11. The method of claim 1, wherein the steps of monitoring, assigning, and forming are performed by both the at least one client device.

12. The method of claim 1, wherein the steps of assigning and forming are performed by a common processor.

13. The method of claim 1, wherein the interface includes graphical representations of icons that enable a participant to execute code representing instructions that allow the participant to share information with another participant in the conversation.

14. A system for identifying a conversation between a plurality of participants, the system comprising:

a voice monitoring module configured to monitor voice streams in proximity to first and second client devices;

a tagging module configured to assign a tag to identify participants speaking in the voice streams in proximity to the first and second client devices;

a fingerprinting module to form a fingerprint, based on the assigned tags, for the voice streams in proximity to the first and second client devices; and

a conversation identification module configured to identify which participants are participating in a conversation based on the fingerprints for the voice streams.

15. The system of claim 14, wherein the fingerprint includes, for each participant, the assigned tag and a parameter associated with the participant speaking in the voice stream.

16. The system of claim 15, wherein the parameter associated with the participant speaking in the voice stream is a duration of time of the participant speaking.

17. The system of claim 16, wherein the fingerprint for each voice stream includes fingerprint entries for the participant speaking for the duration of time, two or more participants simultaneously speaking for the duration of time, or a combination of both.

18. The system of claim 14, wherein the conversation identification module is configured to map participants associated with the first client device to participants associated with the second client device.

19. The system of claim 18, wherein the conversation identification module is configured to map participants associated with the second client device based on a subset of the fingerprint for each voice stream.

20. The system of claim 14, wherein the system is configured to enable the participants that are participating in the conversation to transmit information to each other via the first and second client devices.

21. The system of claim 14, wherein the system has a common clock or synchronization signal to align the fingerprints between the first and second client devices to map participants associated with the first client device to participants associated with the second client device.

22. The system of claim 14, wherein the first and second client device each include a voice monitoring module, a tagging module and a fingerprinting module.

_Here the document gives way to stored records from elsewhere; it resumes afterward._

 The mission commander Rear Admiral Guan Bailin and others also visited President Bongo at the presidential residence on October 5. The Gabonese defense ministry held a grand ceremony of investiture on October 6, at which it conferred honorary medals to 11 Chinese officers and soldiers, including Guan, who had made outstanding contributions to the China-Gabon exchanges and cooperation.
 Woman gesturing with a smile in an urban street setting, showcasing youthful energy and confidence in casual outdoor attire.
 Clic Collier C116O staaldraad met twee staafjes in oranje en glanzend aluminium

23. A computer program product, tangibly embodied in an information carrier, the computer program product including instructions being operable to cause a data processing apparatus to:

monitor voice streams in proximity to participants each having a client device;

assign a tag to identify each participant speaking in each voice stream in proximity to each client device;

form a fingerprint, based on the assigned tags, for each voice stream in proximity to each client device; and

identify which participants are participating in a conversation based on the fingerprints for each voice stream.

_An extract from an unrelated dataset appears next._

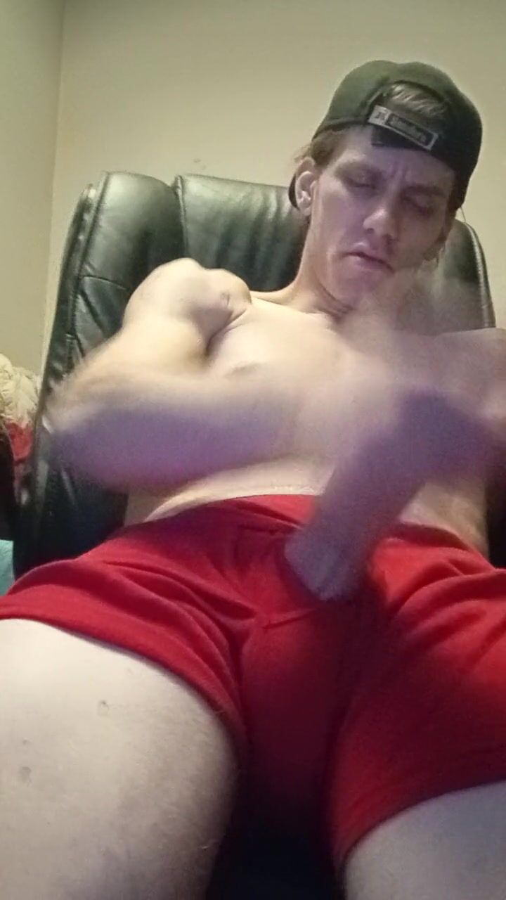 Sunnys hard cock showing threw his boxers and Jerking his thick fat cock into he explodes all over the place.

24. A system for identifying a conversation between a plurality of participants, the system comprising:

a processor; and

a memory, the memory including code representing instructions that when executed cause the processor to: monitor voice streams in proximity to first and second client devices; assign a tag to identify the participants speaking in the voice streams in proximity to the first and second client devices; form a fingerprint, based on the assigned tags, for the voice streams in proximity to the first and second client devices; and identify which participants are participating in a conversation based on the fingerprints for the voice streams.